The new sensor integrates with ExtraHop’s RevealX platform, feeding telemetry into the company’s cloud-scale ML/AI engine that powers its detection and analysis capabilities.
“The sensor collects the telemetry, feeds it into an ML/AI engine that sits in the cloud, and then we layer in workflow engines on top to enable the various use cases,” Vasani said.
How the ExtraHop unified sensor is deployed across hybrid environments
In modern distributed enterprise environments, network visibility must extend beyond traditional data centers. ExtraHop’s all-in-one sensor is designed to address this reality with deployment options that span physical appliances, virtual machines and cloud environments.
ExtraHop has both virtual and physical hardware appliances for sensor deployment. ExtraHop sensors can plug into a network through multiple methods including, Network Tap, SPAN (Switched Port Analyzer) port, packet broker or a cloud provider’s vTAP capabilities.
“We have sensors that scale from a gig all the way to 100 gig, so you can deploy the right size sensor depending on the network you are trying to get telemetry from,” said Vasani. “If you have a branch office, put a one gig sensor in there. If you have a data center, you can deploy a 100 gig sensor from us.”
For organizations embracing cloud-native architectures, ExtraHop has developed specialized capabilities for environments like Kubernetes where traditional network tapping approaches don’t apply.
“For customers who are moving to a cloud-native deployment model, spinning up a lot of Kubernetes clusters on the cloud, we have agents that can ride sidecar with your Kubernetes pods and we are able to mirror traffic from the Kubernetes pods and feed it into cloud sensors,” Vasani explained.
Following the consolidation trend for networking
ExtraHop’s strategy aligns with a broader industry trend toward platform consolidation, as organizations seek to reduce complexity while improving security and operational effectiveness.

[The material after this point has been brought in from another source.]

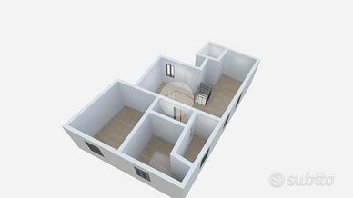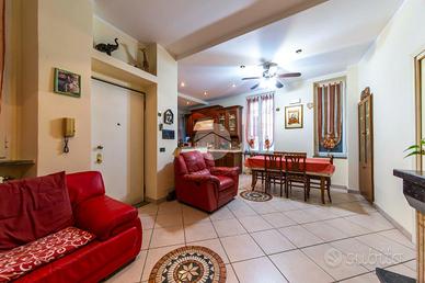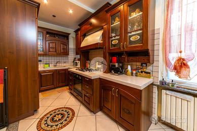 Ingresso diretto in ampia zona soggiorno, finestrata e con medesimo affaccio dell'ingresso, e dotata di camino, comunicante con la cucina a vista, a sua volta doppiamente finestrata e con affaccio tranquillo sulla Via Terni. Proseguendo attraverso una comoda porta scorrevole, accediamo poi alla zona notte, composta da un disimpegno, due camere da letto entrambe finestrate e con medesimo affaccio sulla Via Francesco Rismondo, ed un bagno anch'esso finestrato e dotato di vasca.

While the company is now adding more capabilities to its sensor, it’s still aiming to integrate and complement other technologies that organizations have already deployed. Rather than competing with security information and event management (SIEM) platforms or extended detection and response (XDR) solutions, ExtraHop positions itself as a partner that provides unique network-based insights.

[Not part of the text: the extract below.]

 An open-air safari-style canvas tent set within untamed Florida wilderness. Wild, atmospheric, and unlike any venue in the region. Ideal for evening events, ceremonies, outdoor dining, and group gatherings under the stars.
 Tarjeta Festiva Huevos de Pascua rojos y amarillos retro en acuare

“We can be the best network detection and response platform in the market and then partner with ITSM tool vendors, SIEM vendors and SOAR vendors,” Vasani said.
Looking forward: Agentic AI workflows
ExtraHop is already using generative AI as part of its overall platform. In 2024, the company released an AI search assistant designed to help administrators use natural language to search for issues. Looking forward, ExtraHop is working on further automations that can benefit from agentic AI workflows.

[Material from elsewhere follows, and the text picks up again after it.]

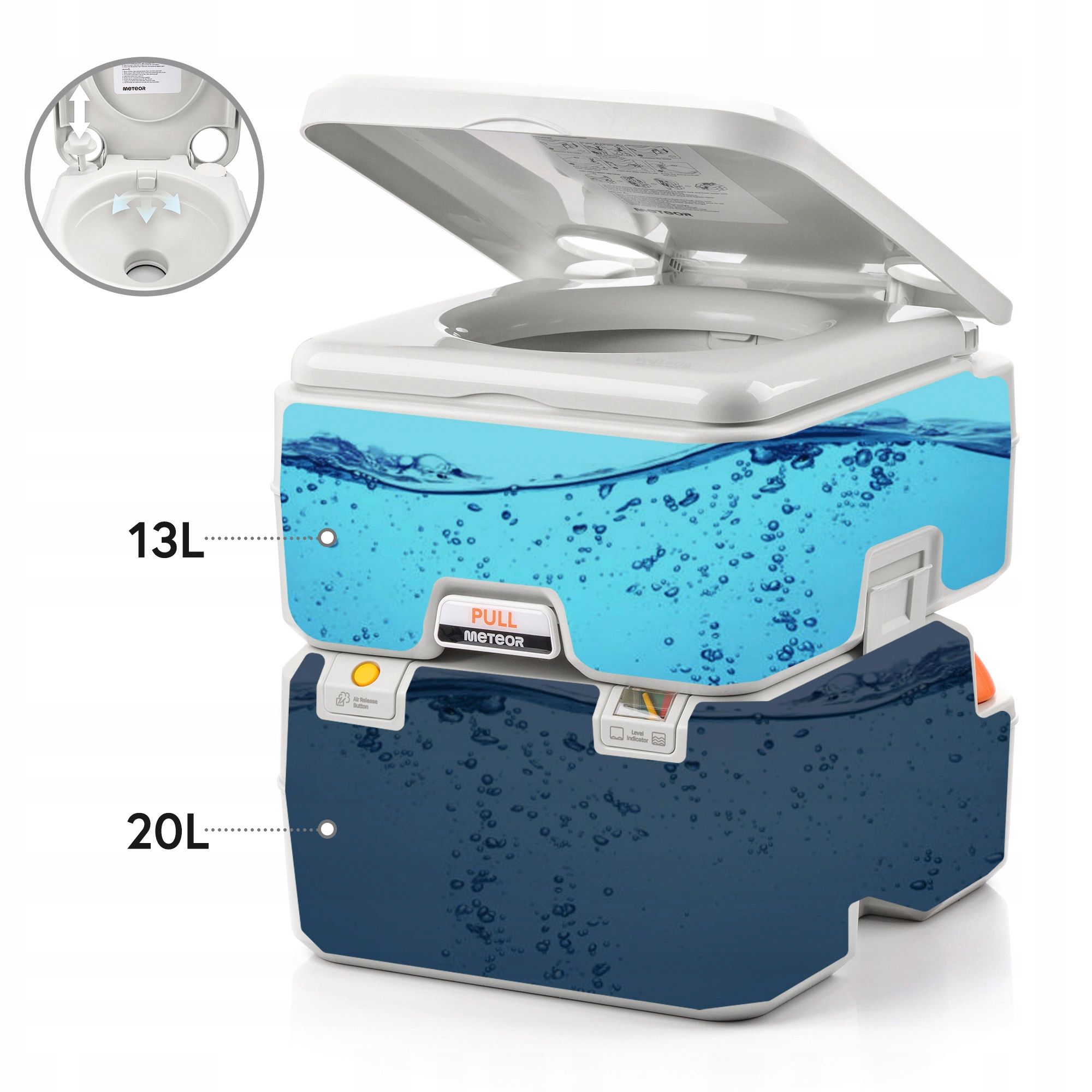 Туалет туристический Meteor – незаменимый прибор в походе, походе или путешествии. Он легкий, его легко транспортировать и хранить. Устойчивый к повреждениям материал делает унитаз долговечным. Гигиеничный и герметичный продукт. Обеспечивает удобство пользования, чистки и опорожнения.

One of the workflows the company is building out uses generative AI to automatically customize product settings for specific enterprise environments. Vasani said work is also underway to help with investigation workflow automation where the system streamlines the incident response process by automating investigation steps.
“We are doing some work from a prototyping standpoint, and things will start to roll out from a roadmap perspective very shortly,” he said.